Nobody wants to be in the position of trading speed for accuracy of analytical work, but sometimes, you don't have much choice. The business has questions it wants answered, and you need to deliver -- the sooner the better.
Problem is, "as you're enabling more and more data to become usable, there are more and more questions being asked," Chris Gifford, senior vice president of customer analytics at JPMorgan Chase, recounted during yesterday's "The Big Reveal: What's Your Data Telling You?" session at SAS Global Forum Executive Conference 2013. Maybe the organization no longer wants to know about customer behavior in aggregate, for example, but on an individualized basis -- taking into account all touch points.
And so, you may well find yourself waiting... and waiting... and waiting for your answers as your models chug through all those bits and bytes. And then you may find yourself doing things that go against best-practices wisdom.
You might, as did the Chase customer analytics group Gifford heads, decide to select only some rows in your database to model rather than using all rows. Or, you might only look at some attributes and restrict others, or settle on one algorithm rather than test multiple algorithms to figure out the best solution to a problem.
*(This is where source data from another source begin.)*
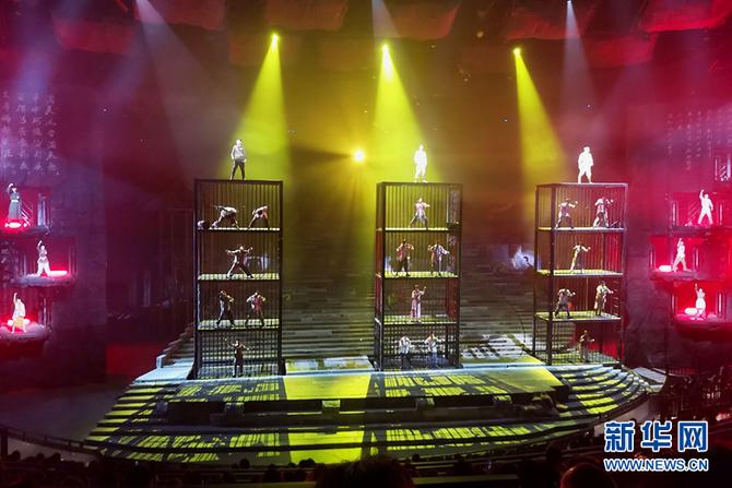 图为大型红色舞台剧《重庆 1949》演出现场。由5个大型圆环构件而成的舞台可实现360度旋转。新华网 发
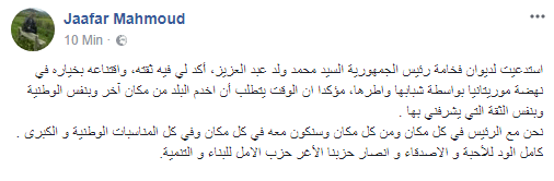 استدعيت لديوان فخامة رئيس الجمهورية السيد محمد ولد عبد العزيز، أكد لي فيه ثقته، واقتناعه بخياره في نهضة موريتانيا بواسطة شبابها واطرها، مؤكدا ان الوقت يتطلب أن اخدم البلد من مكان آخر وبنفس الوطنية وبنفس الثقة التي يشرفني بها .
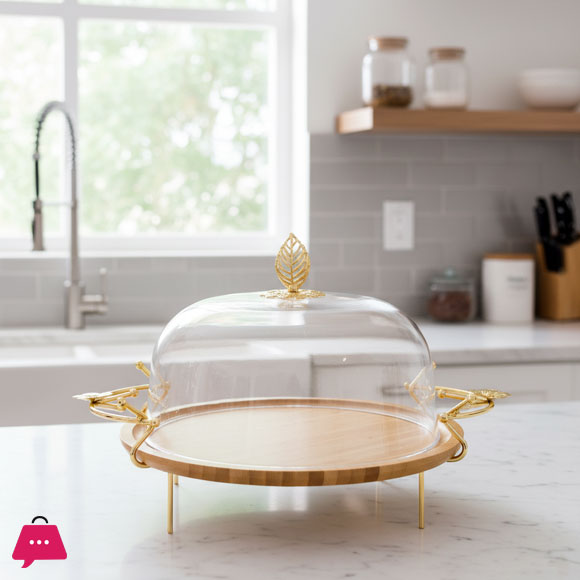 Bamboo Dish with Metal Stand & Plastic Cover-Golden Stand Cake Dish with Cover
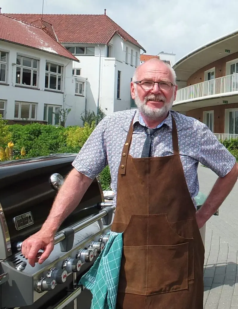 Foto: vader van Neeltje bij de barbecue in de tuin van Oranje Nassau’s Oord.
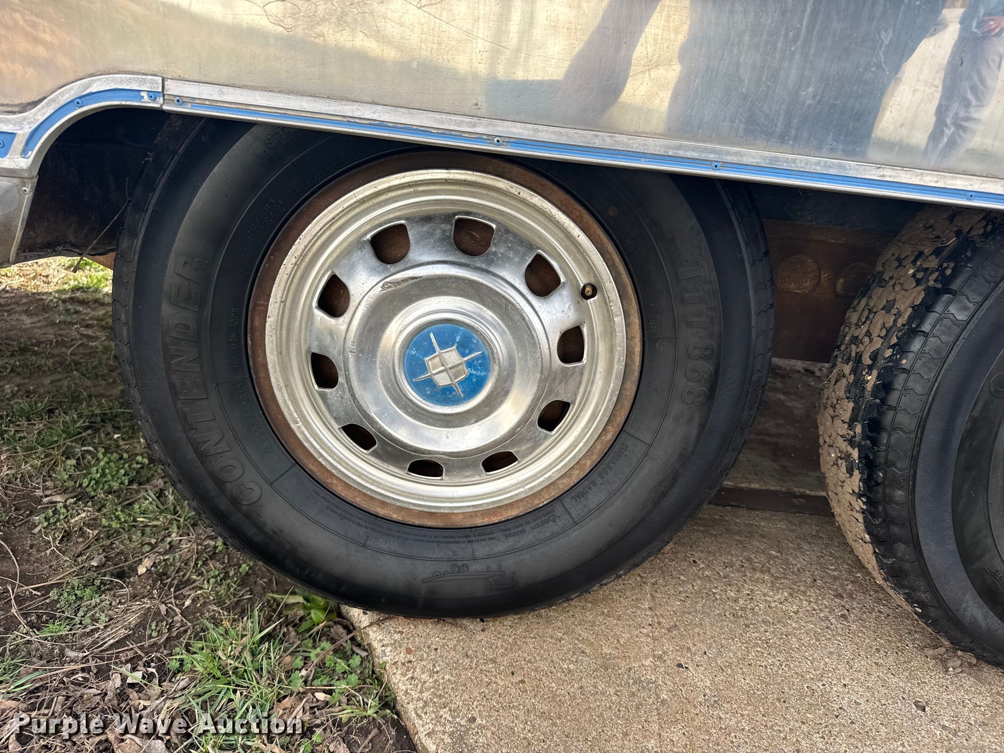 1973 Airstream Sovereign camper. Camper length: 31', VIN: 131A3S2376. Chassis Axles: Tandem, Suspension: Spring, Brakes: Electric, GVWR: 7,100 lbs, GAWR: 3,200 lbs. Interior Kitchen: Sink, Refrigerator, Freezer, Living room: Table, Bathroom, Beds: 1 Bed type: Queen, AC units: 1. Features Awnings: 1 Awning type: Manual, Ball hitch: 2 5/16". Tires Size: 225/75R15. Notes Awning spring damaged. Kansas title. Title distribution may be delayed up to 14 days from verification of funds. Salina, KS 67401
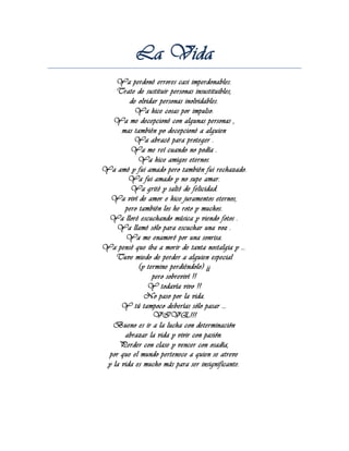 Este poema reflexiona sobre las experiencias de vida del autor, incluyendo amores y desamores, alegrías y tristezas, éxitos y fracasos. A pesar de los errores del pasado y las pérdidas sufridas, el autor sobrevivió y continúa viviendo con pasión, determinación y osadía. En última instancia, anima al lector a no pasar por la vida, sino a vivirla plenamente.
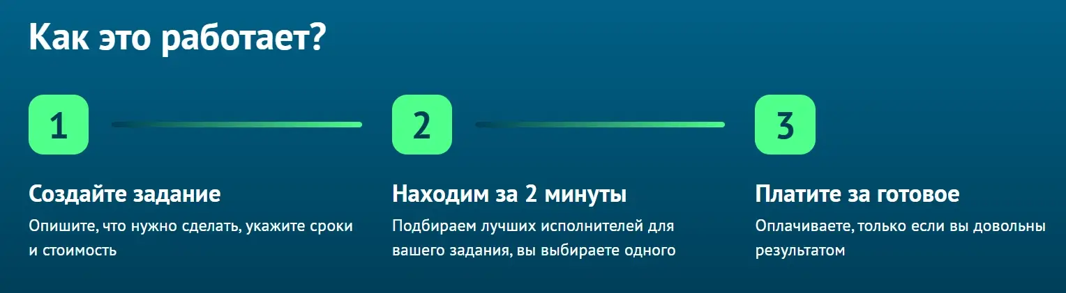 Всё происходит в одном окне: размещаете задание с чётким ТЗ, получаете отклики, обсуждаете детали в встроенном чате, выбираете исполнителя и оплачиваете через систему.
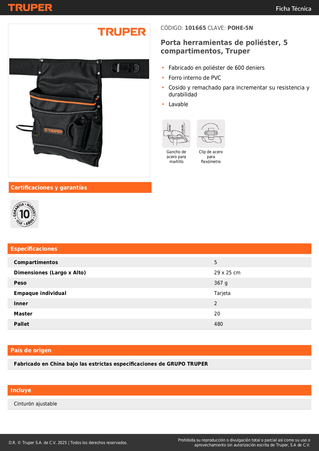 Cinturón portaherramientas de poliéster 5 compartimientos truper S/ 39.00 Agregar al carro Avísame cuando llegue -Fabricado en poliéster de 600 deniers-Forro interno de PVC-Cosido y remachado para incrementar su resistencia y durabilidad-Lavable
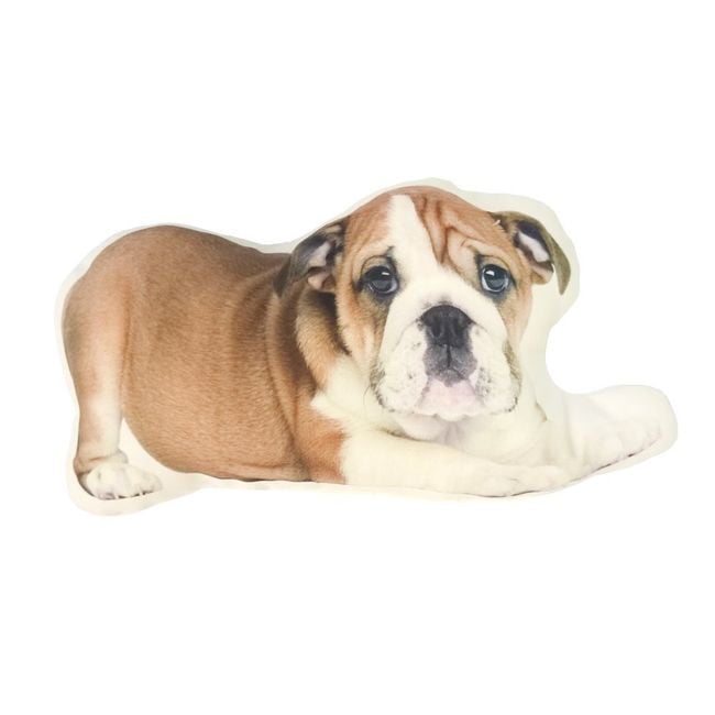The cushion looks like a bulldog, it is very detailed and suitable as a stylish home accessory.

And maybe you wouldn't do quite as much testing of your model as you really ought, explained Gifford, who also told some of the Chase story during Sunday night's combined opening session for the SAS Global Forum 2013 and the executive conference, both taking place in San Francisco this week (watch the session here on demand).
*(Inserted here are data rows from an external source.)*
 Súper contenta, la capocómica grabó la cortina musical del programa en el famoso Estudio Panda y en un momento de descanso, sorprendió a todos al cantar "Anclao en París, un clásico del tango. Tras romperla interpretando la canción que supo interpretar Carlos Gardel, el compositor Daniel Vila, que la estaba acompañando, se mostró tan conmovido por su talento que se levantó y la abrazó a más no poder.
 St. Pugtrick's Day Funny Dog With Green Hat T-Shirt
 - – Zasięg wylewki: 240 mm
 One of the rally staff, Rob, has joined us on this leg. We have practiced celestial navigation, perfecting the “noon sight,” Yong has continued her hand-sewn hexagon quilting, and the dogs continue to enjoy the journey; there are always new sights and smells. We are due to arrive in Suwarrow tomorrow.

At Chase, Gifford said he knew he needed to figure out a way that would let his analytics team stop cutting corners.
With a goal of increasing the speed and accuracy of the customer analytics models, Gifford said he began investigating high-performance computing solutions, like SAS High-Performance Analytics (HPA), that would streamline the time required for modeling runs. When first seeing SAS HPA in action, Gifford admitted he was a bit skeptical. "Could it really run fast with our models and our data?" he recalled thinking.
The proof-of-concept testing answered with a definitive, "Yes."
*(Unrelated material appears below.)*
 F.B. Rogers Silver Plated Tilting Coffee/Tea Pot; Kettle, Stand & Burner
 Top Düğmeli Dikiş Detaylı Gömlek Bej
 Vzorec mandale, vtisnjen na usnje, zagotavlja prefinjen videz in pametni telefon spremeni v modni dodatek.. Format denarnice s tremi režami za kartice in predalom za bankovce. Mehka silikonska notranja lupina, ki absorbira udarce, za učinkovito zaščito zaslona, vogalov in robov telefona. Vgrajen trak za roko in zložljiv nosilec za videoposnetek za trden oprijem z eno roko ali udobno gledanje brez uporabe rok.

During that testing, his team ran a number of its traditional models. One, a risk model for its mortgage business, had been taking about 160 hours -- nearly one full week -- to complete. HPA testing showed the same model, with the same data, running in about 84 seconds. A credit risk model, which took 14 hours using the traditional SAS approach, ran in 180 seconds on HPA, Gifford said.
Needless to say -- although he did -- "those kinds of improvements are fantastic." And with them, we suddenly have options again, he added.
You can continue to chase the efficiencies. You can do more models per statistician per day or week. But you can improve your accuracy if you're willing to trade off some of that newfound speed. You can test additional algorithms or increase the sample counts -- more rows, more columns, perform more tests.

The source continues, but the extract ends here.